Cavanaugh v. Woods Cross City
2010 U.S. App. LEXIS 22907
| 10th Cir. | 2010Background
- Cavanaughs sued Woods Cross City and Officer Davis under 42 U.S.C. § 1983 for excessive force after a Tasering incident on Dec 8, 2006.
- Police responded to a non-emergency call about Shannon Cavanaugh, who had left home with a kitchen knife amid a domestic dispute.
- Davis discharged a Taser at Cavanaugh’s back without warning as she walked toward her front steps.
- Cavanaugh suffered a traumatic brain injury from the fall after the Taser deployment.
- District court denied qualified immunity to Davis and denied Woods Cross City's summary judgment on unwritten policy; on appeal, the court affirmed.

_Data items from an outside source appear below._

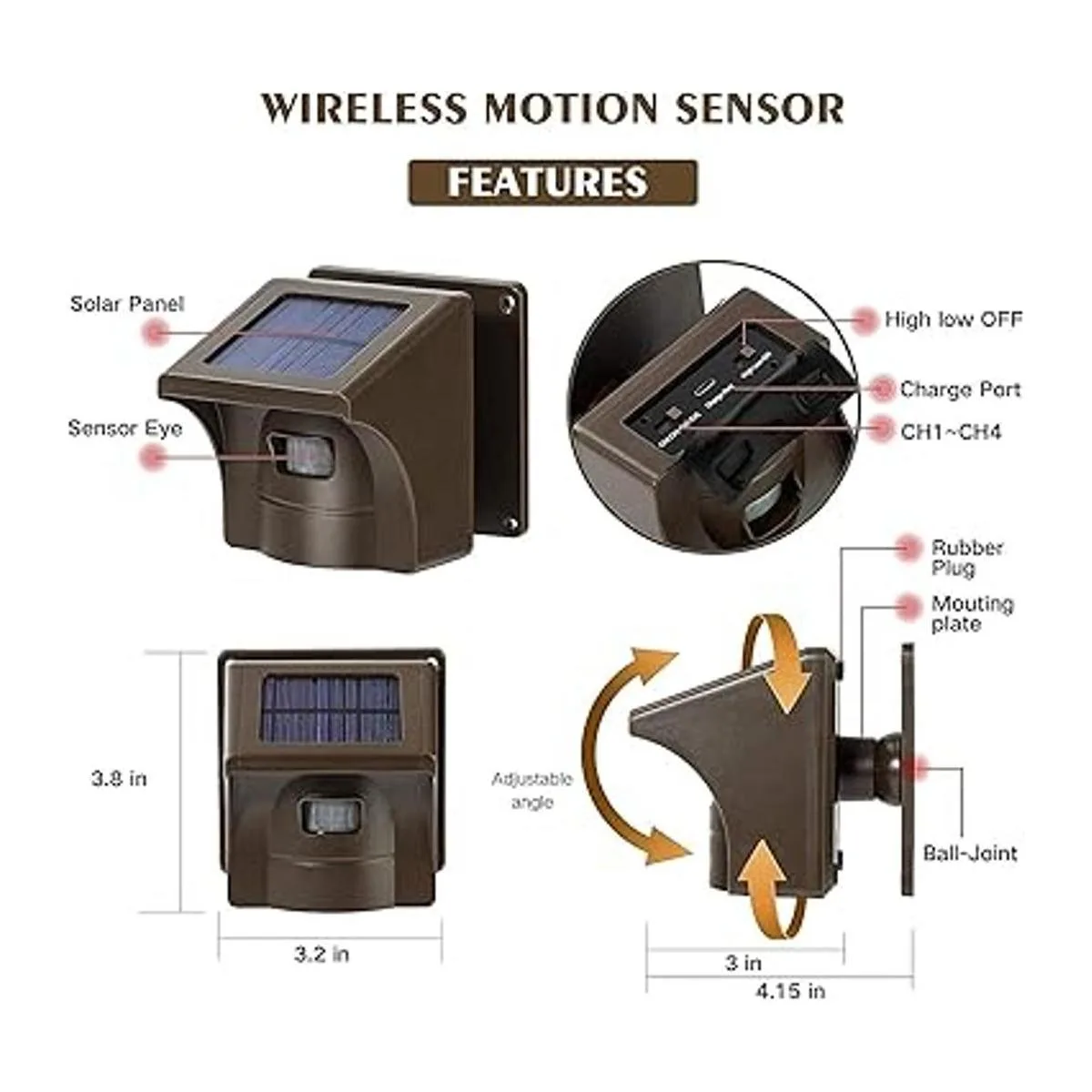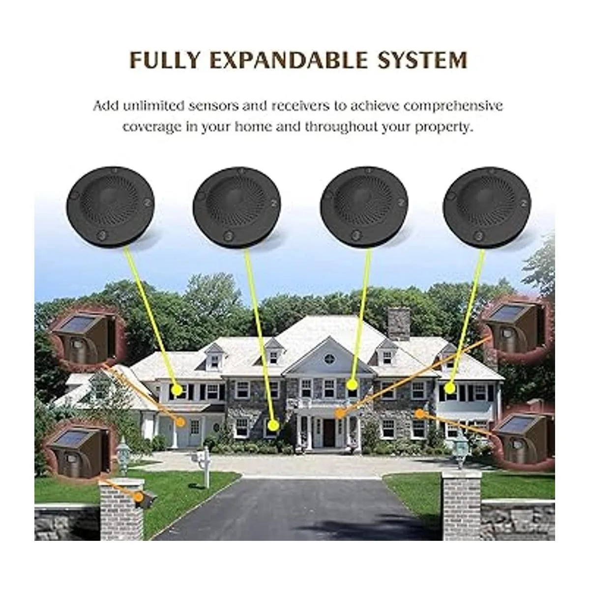 Fácil de instalar: la guía de inicio rápido te hace operar en cuestión de minutos. Puede ampliarse hasta 4 sensores y receptores ilimitados para una cobertura completa de tu perímetro. La alarma inalámbrica de entrada detecta el movimiento de humanos, coches y animales grandes. Hay 4 campanillas divertidas y únicas para elegir. Combina diferentes campanillas con diferentes sensores alrededor de tu propiedad para diferenciar dónde se detecta movimiento inalámbrico de alarma de entrada.
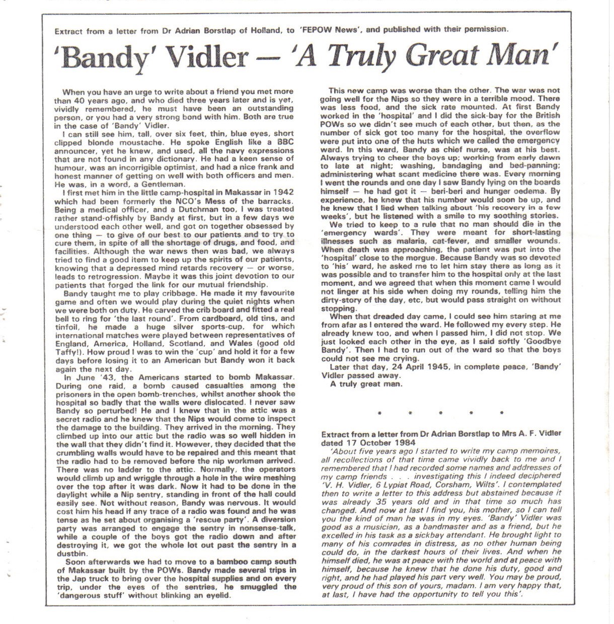 The story of RM Bandsman Vidler who sadly didn't return from his time as a PoW. Below the newspaper article and his headstone in memory.
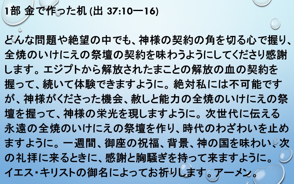 1部 金で作った机 (出 37:10ー16)
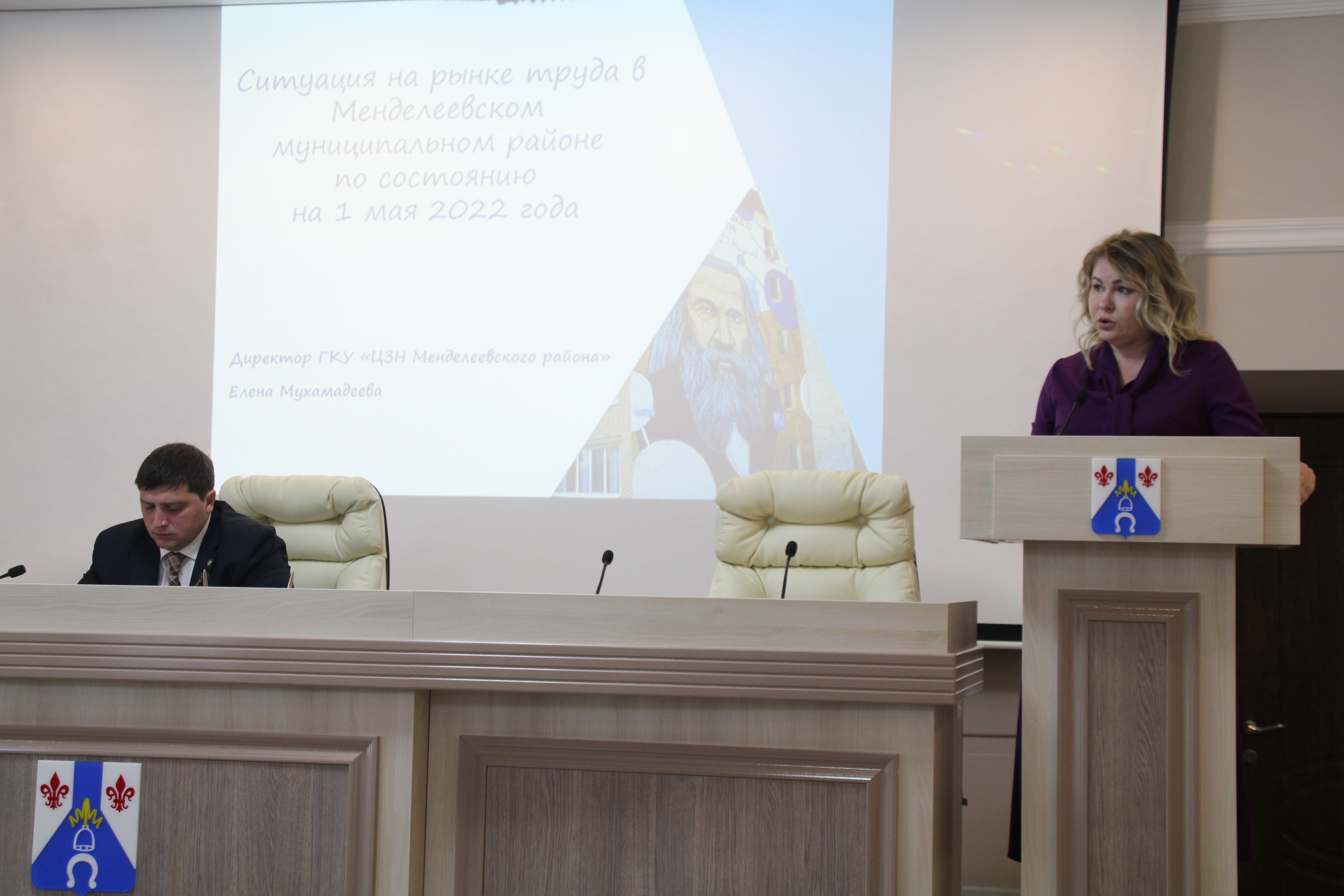 Также о ситуации на рынке труда на 1 мая 2022 года в Менделеевском районе рассказала Елена Мухамадеева - директор ГКУ «Центр занятости населения».
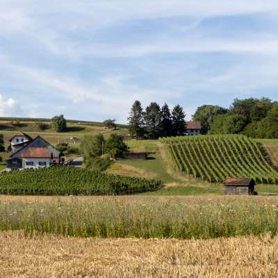 Notre exploitation familiale de 11,3 ha se trouve à l'extrémité sud du canton de Schaffhouse. Les 0,7 ha de vignes sont cultivés et entretenus toute l'année par la troisième génération de viticulteurs, avec amour et à la main. C'est avec le même soin que nous vinifions nous-mêmes nos vins dans notre propre cave.
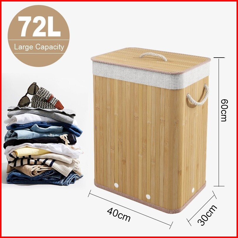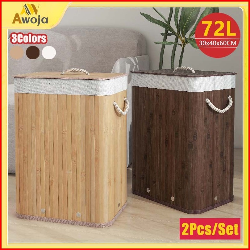 2pcs Keranjang Baju Kotor 72l Keranjang Laundry Rotan Kotor Bag Basket Dengan Tutup Tas Cucian Lipat Pakaian Kotor Tempa
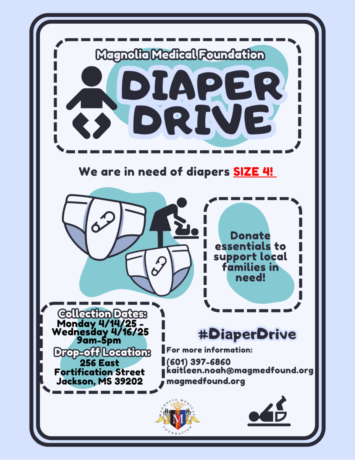 Join the Magnolia Medical Foundation in making a difference for local families in need! We’re collecting size 4 diapers to provide essentials and support for our community.
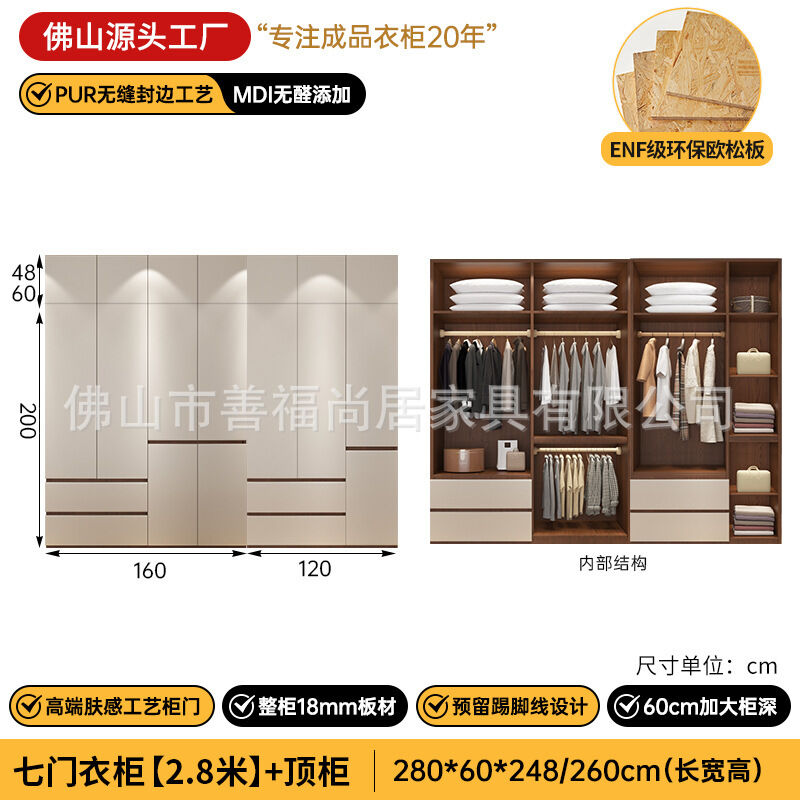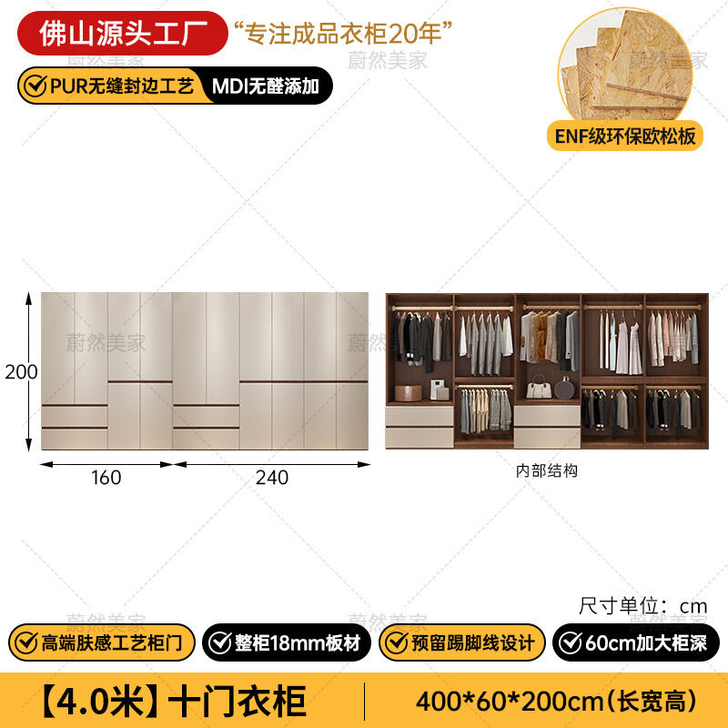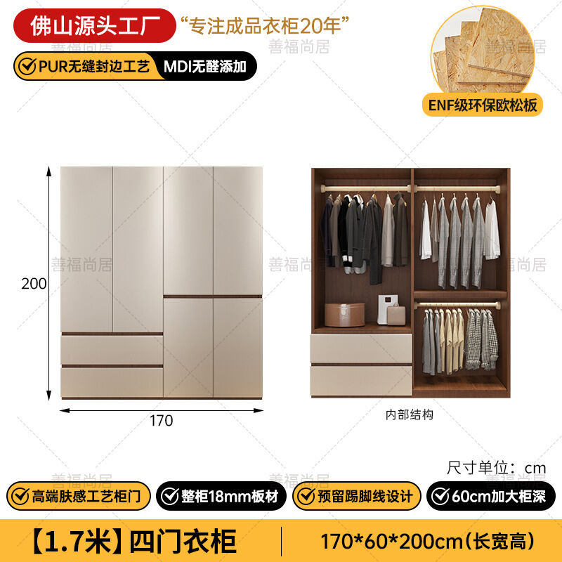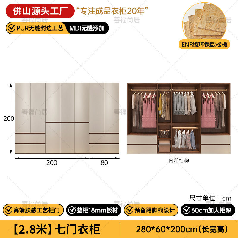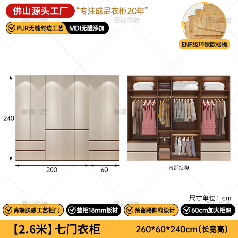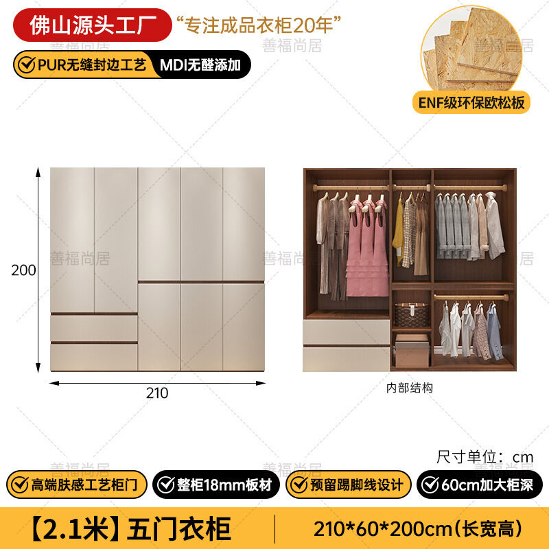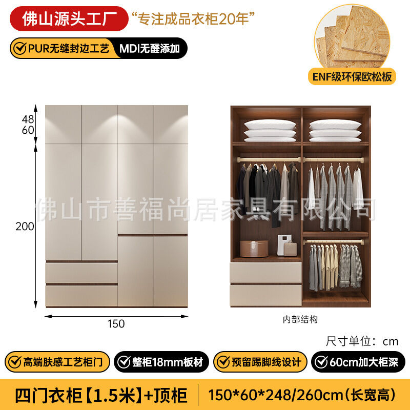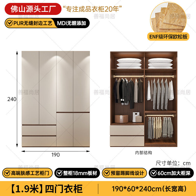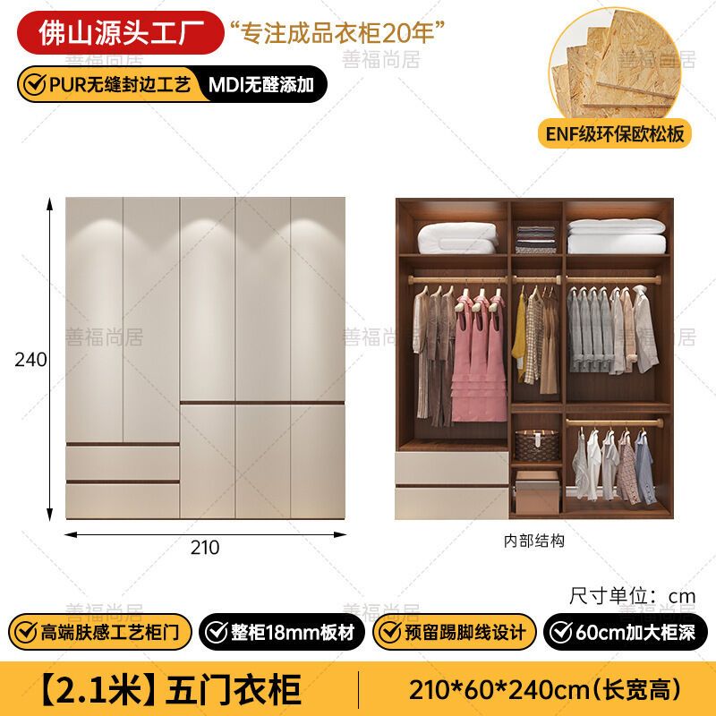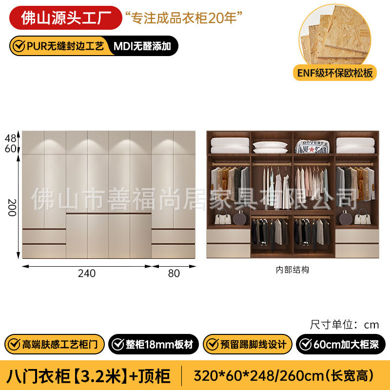 未晚家具舘 ENF級歐松板衣櫃家用臥室18mm加厚板櫃子分段式免拉手組合衣櫃

- The appeal recognized disputed facts but reviewed for legal sufficiency and clearly established law.
Issues
| Issue | Plaintiff's Argument | Defendant's Argument | Held |
|---|---|---|---|
| Whether Davis’s Taser use violated the Fourth Amendment (objective reasonableness). | Cavanaughs: use of Taser against non-violent, non-threatening individual was excessive. | Davis: actions reasonable given circumstances and threats. | Yes; Taser use was objectively unreasonable under Graham. |
| Whether the law was clearly established against the Taser use in these facts. | Casey precedent showed clearly established rule against such Taser use. | No controlling case precisely on these facts at that time. | Yes; law clearly established as of the incident date. |
| Whether Woods Cross City can be liable under Monell for an unwritten Taser policy. | Unwritten policy causally linked to Davis’s actions. | Policy issue contested; no separate constitutional violation necessary for liability. | Affirmed: City may be liable due to unwritten policy. |
Key Cases Cited
- Graham v. Connor, 490 U.S. 386 (1989) (establishes objective-reasonableness standard for excessive force)
- Casey v. City of Federal Heights, 509 F.3d 1278 (10th Cir. 2007) (Taser use on non-violent misdemeanant; clearly established standard)
- Pearson v. Callahan, 555 U.S. 223 (2009) (two-step qualified-immunity framework)
- Hobbs ex rel. Hobbs v. Zenderman, 579 F.3d 1171 (10th Cir. 2009) (analysis of qualified immunity on appeal)
- Cortez v. McCauley, 478 F.3d 1108 (10th Cir. 2007) (cases beyond exact fact patterns can establish clearly established law)
- Brosseau v. Haugen, 543 U.S. 194 (2004) (clarifies clearly established law without identical facts)
- Hope v. Pelzer, 536 U.S. 730 (2002) (noted for context on excessive-force standards)
- Saucier v. Katz, 533 U.S. 194 (2001) (two-step approach to qualified immunity (later modified by Pearson))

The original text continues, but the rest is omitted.